Frequency and timing of impairment testing (paragraphs 9 and 10(a)) (paras. BC121-BC128)

BC121 In developing the Exposure Draft, the Board observed that requiring assets to be remeasured when they are impaired is a valuation concept rather than one of cost allocation. This concept, which some have termed ‘the recoverable cost concept’, focuses on the benefits to be derived from the asset in the future, rather than on the process by which the cost or other carrying amount of the asset should be allocated to particular accounting periods. Therefore, the purpose of an impairment test is to assess whether the carrying amount of an asset will be recovered through use or sale of the asset. Nevertheless, allocating the depreciable amount of an asset with a limited useful life on a systematic basis over that life provides some assurance against the asset’s carrying amount exceeding its recoverable amount. The Board acknowledged that non‑amortisation of an intangible asset increases the reliance that must be placed on impairment reviews of that asset to ensure that its carrying amount does not exceed its recoverable amount.
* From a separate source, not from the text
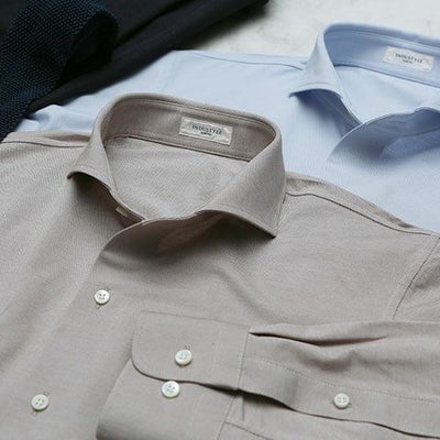 クールビズなどのノーネクタイスタイルでも首元が美しく見えるように、衿型は「カッタウェイ」にしました。

BC122 Accordingly, the Exposure Draft proposed that indefinite‑lived intangibles should be tested for impairment at the end of each annual reporting period. The Board concluded, however, that testing such assets annually for impairment is not a substitute for management being aware of events occurring or circumstances changing between annual tests that indicate a possible impairment. Therefore, the Exposure Draft also proposed that an entity should be required to test such assets for impairment whenever there is an indication of possible impairment, and not wait until the next annual test.